When I was a kid, grandparents did spoil you. That was a given. It didn’t make me expect the same treatment from my parents, I understood all along that the rules were different when I was with them. I have a million fond memories of my GPs and, especially now they’re both gone, I cherish those memories.

If the grandparent of your child was a toxic parent then yes I can understand limiting or even cutting contact, but otherwise I just don’t get why people are so controlling over what GPs do when they have their grandkids over.

OP posts:
BertieBotts · 15/05/2018 11:04

It is when expectations clash that you get a problem.

If the GPs think that certain food patterns or behaviour management styles or safety guidelines are normal and don't expect to be challenged on them, yet the parents expect them to magically know what modern standards are and stick to those, especially without ever actually discussing it then you get clashes, and people get hugely annoyed with each other rather than just communicating about it and being open minded. If you can both be open minded, it makes it easier.

In addition people get excited about babies and it's such a hugely emotional thing, especially when you've had your own before, you do get stuck in your ways of how to do things and you tend to build this image up in your head of it being how it was when yours was/were little. That's jarring when someone says no, no, we're doing it this way - and if you're a sensitive kind of person you might even take it personally, like what, was the way I raised you/DH not good enough?

I'm having DC2 just 10 years after DS1, with a different partner and not only have I found it hard to accept he has different preferences over certain things, (perfectly reasonable and expected differences, I might add - but your own feelings can surprise you) I can't believe how much some advice has changed and I feel quite sceptical about some of the stuff people are advised these days. OTOH there are things I can't even remember what I did or thought best 10 years ago - that's all fine, because it's my child and I'm able to read up about what's advised now, discuss with DH, make a decision and will do what I think is best, but if I was being asked to treat my grandchild in a way that I found utterly ridiculous or even harmful, I might struggle with that, I think that's completely human. And my experience is only 10 years' difference.

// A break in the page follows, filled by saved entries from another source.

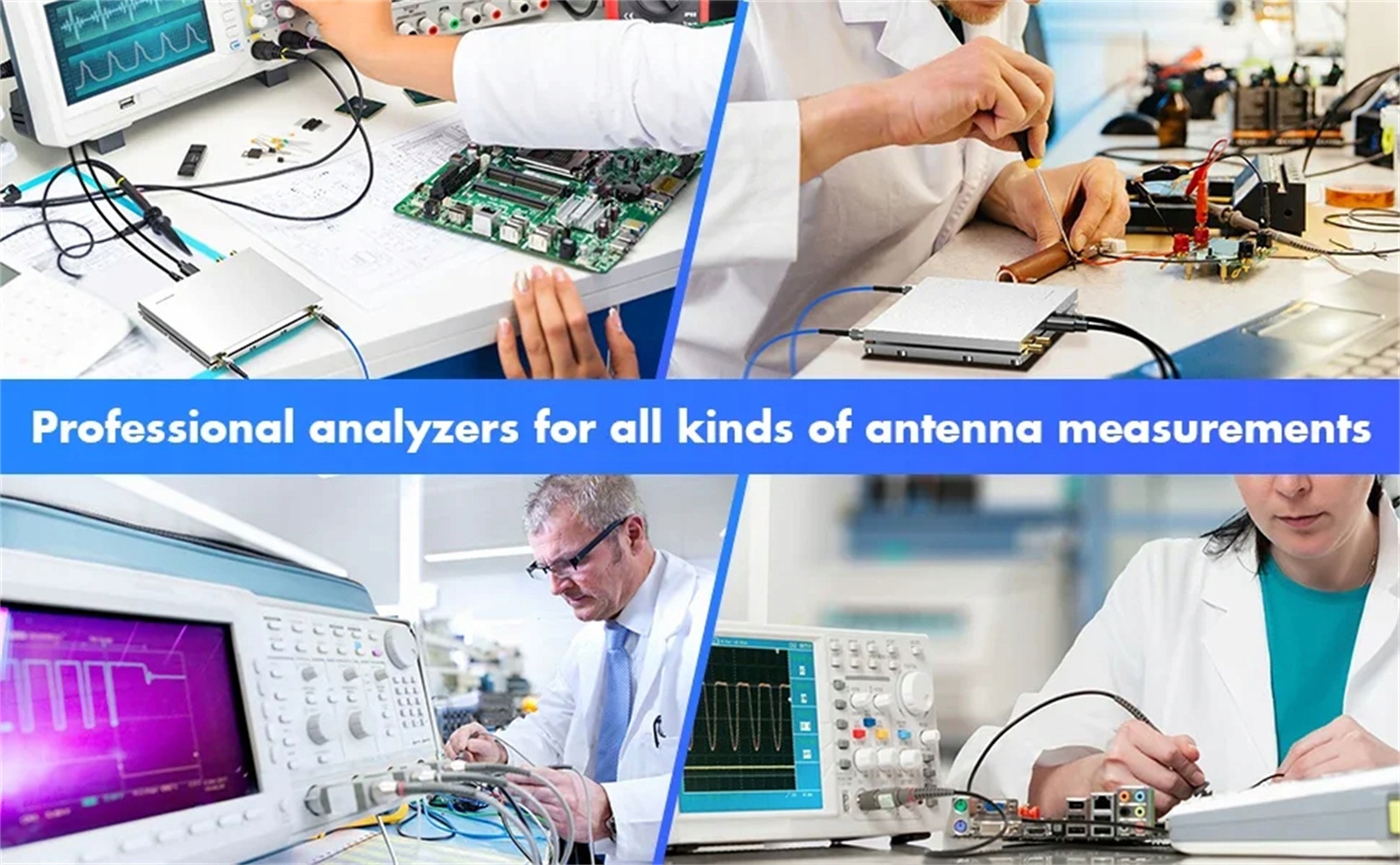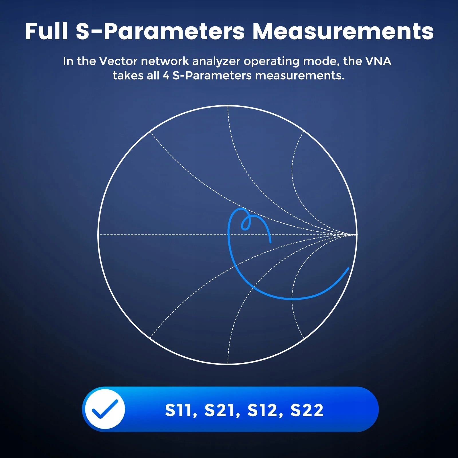Pełny analizator VNA: Mierzy wszystkie parametry rozproszenia (S11, S21, S12, S22) dla kompleksowej charakterystyki urządzeń.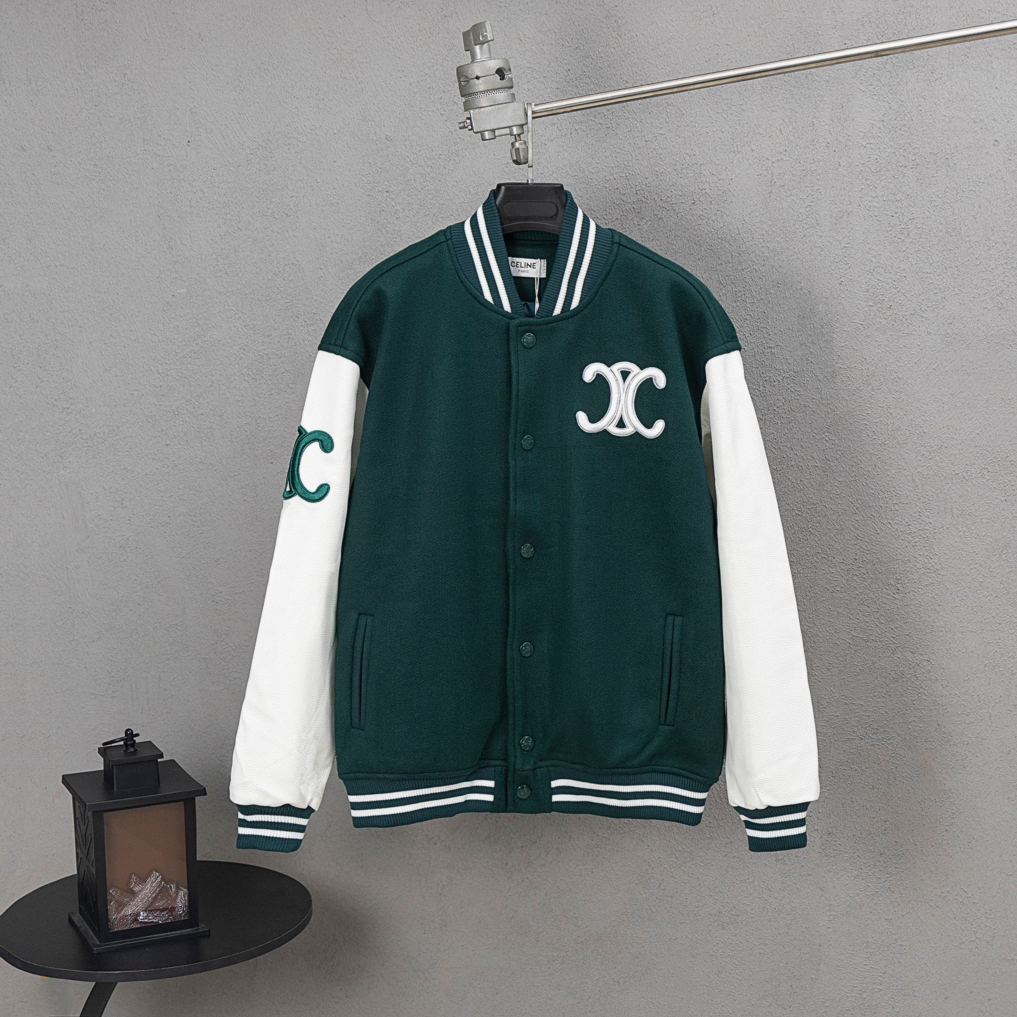 Celine 2024ss collegiate-style color-blocked baseball jacket. Sizes: M, L, XL, XXL. Hand wash or dry clean. High-quality details, custom materials, embroidered logo.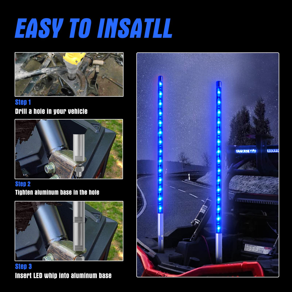 Q: Is the installation process complicated for the LED whip light?A: No, the installation process is straightforward. The whip light comes with a quick-connect aluminum base, allowing for easy installation. Simply drill a hole, insert the light whip, and connect the positive and negative electrodes.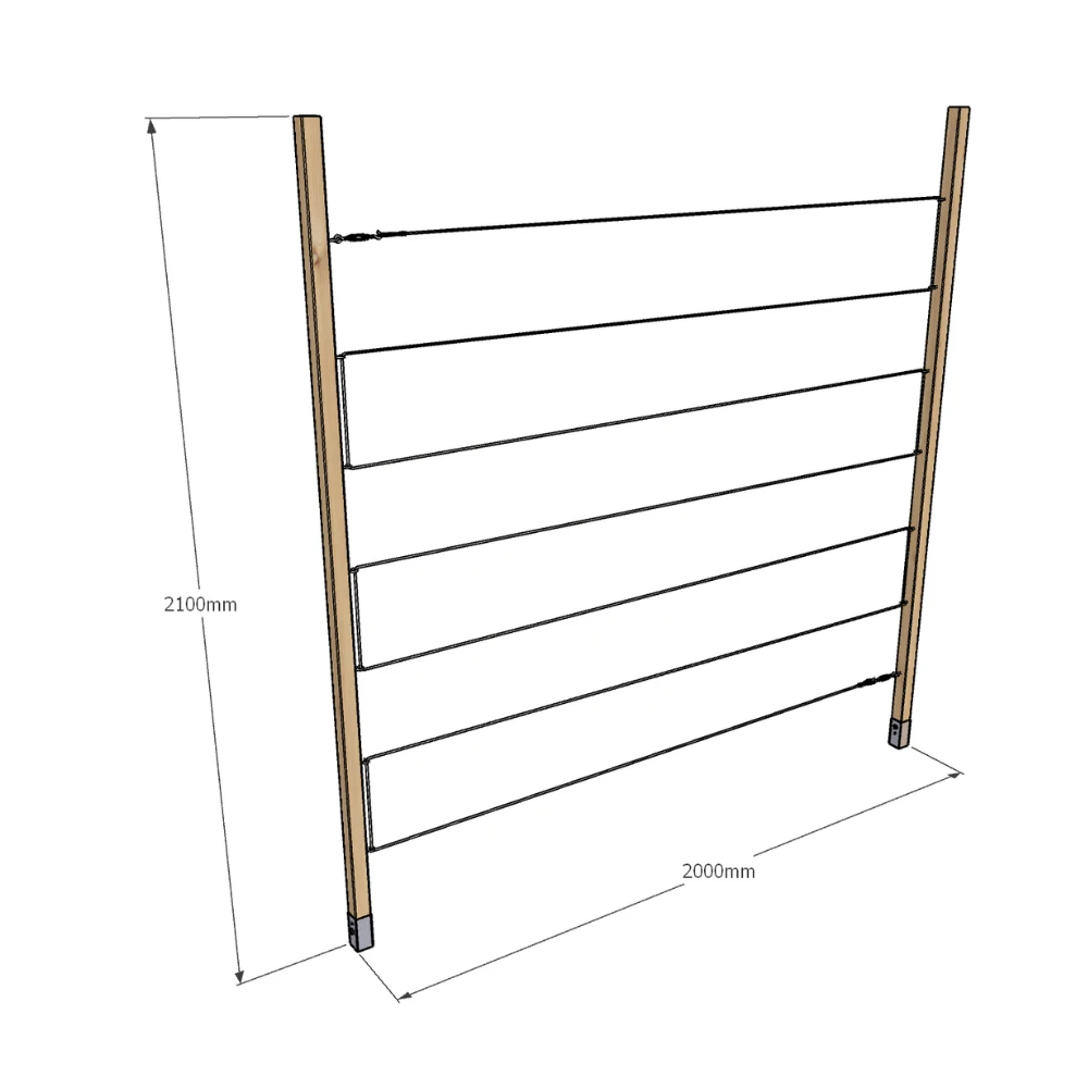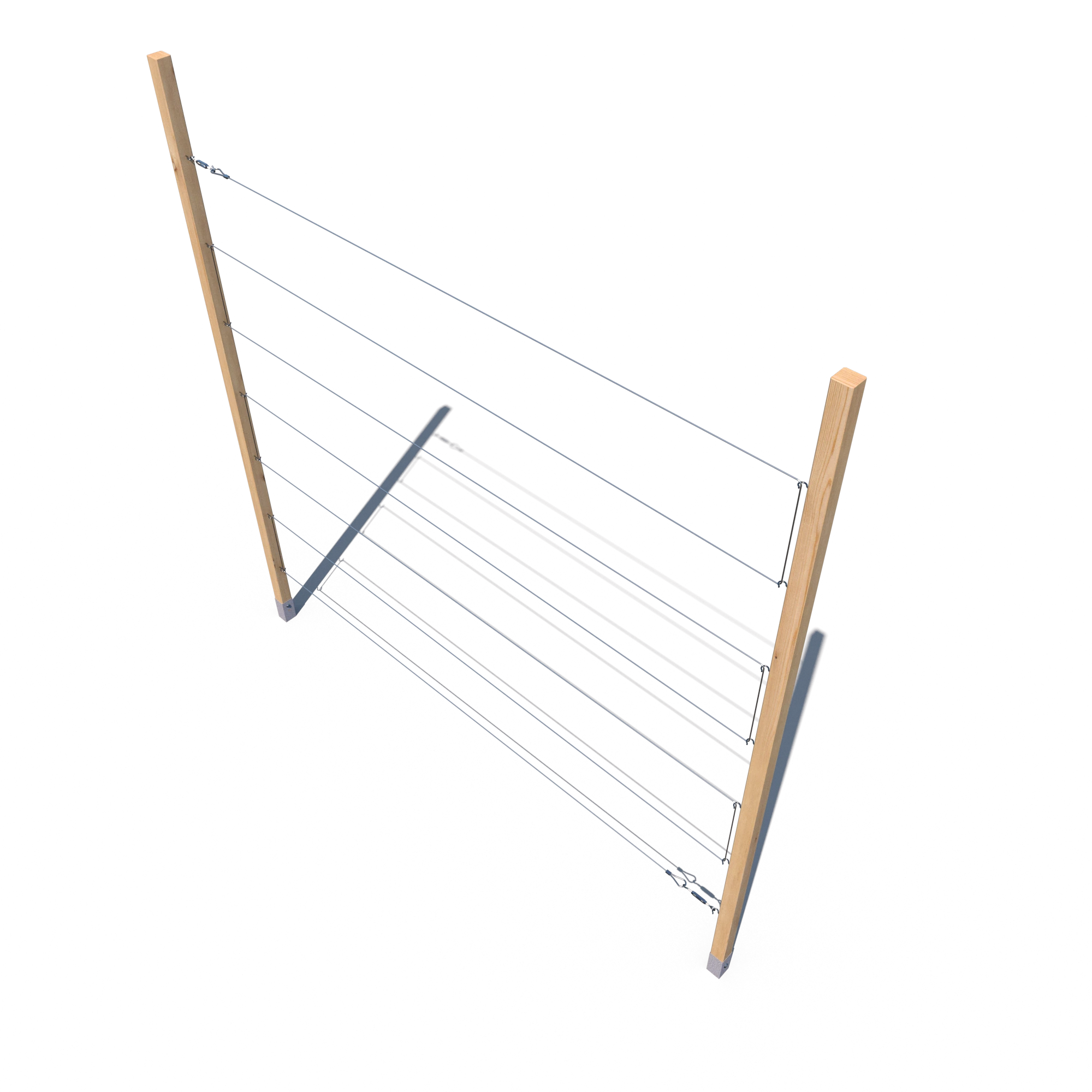 Mały trejaż ogrodowy do roślin pnących, wykonany z kantówki 45x45 mm i impregnowany ciśnieniowo na kolor ciemny dąb. Idealny na balkon, taras lub wąskie przestrzenie ogrodowe. Układ linek stalowych: poziomy (standard) lub pionowy.

Parents today probably have no idea what was common advice 30 years ago and might not expect some things to even be questioned, which adds another layer of difficulty since if you don't anticipate a GP might do something in a certain way and they don't anticipate that it might be a problem, that could cause anger/disbelief as a response rather than "Oh, I should have explained to them that the advice has changed". My mother was forever trying to put DS in a seatbelt on somebody's lap. It was considered normal if you ran out of car space when I was a child. It wouldn't have occurred to her that (in an emergency) the child is safer under their own belt even if they are technically too small to be without a seat. MIL used to let him ride with the diagonal part under his arm when he was in a booster - I had no idea until he tried to do it one day in DP's car. It didn't occur to me she wouldn't use the car seat properly, it didn't occur to her that this was an unsafe way to use the car seat. To her it stopped the belt rubbing on his neck, which she felt was dangerous. (If she'd routed it correctly, it wouldn't have.)

I also think parents today have higher expectations over the control they will have over every aspect of their children's lives, this probably wasn't such an expectation in past generations, and probably that can cause some friction too - where GPs feel they "aren't allowed to do anything" but parents feel that the GPs are "trying to take over".

cadburyegg · 15/05/2018 13:18

A couple of years ago we were visiting the in laws and DS didn’t eat any lunch. MIL asked if he could have some ice cream and i said no. I knelt down to put sun cream on him and she gave him a spoonful of ice cream.

There’s a difference between the occasional treat and deliberately undermining the parent.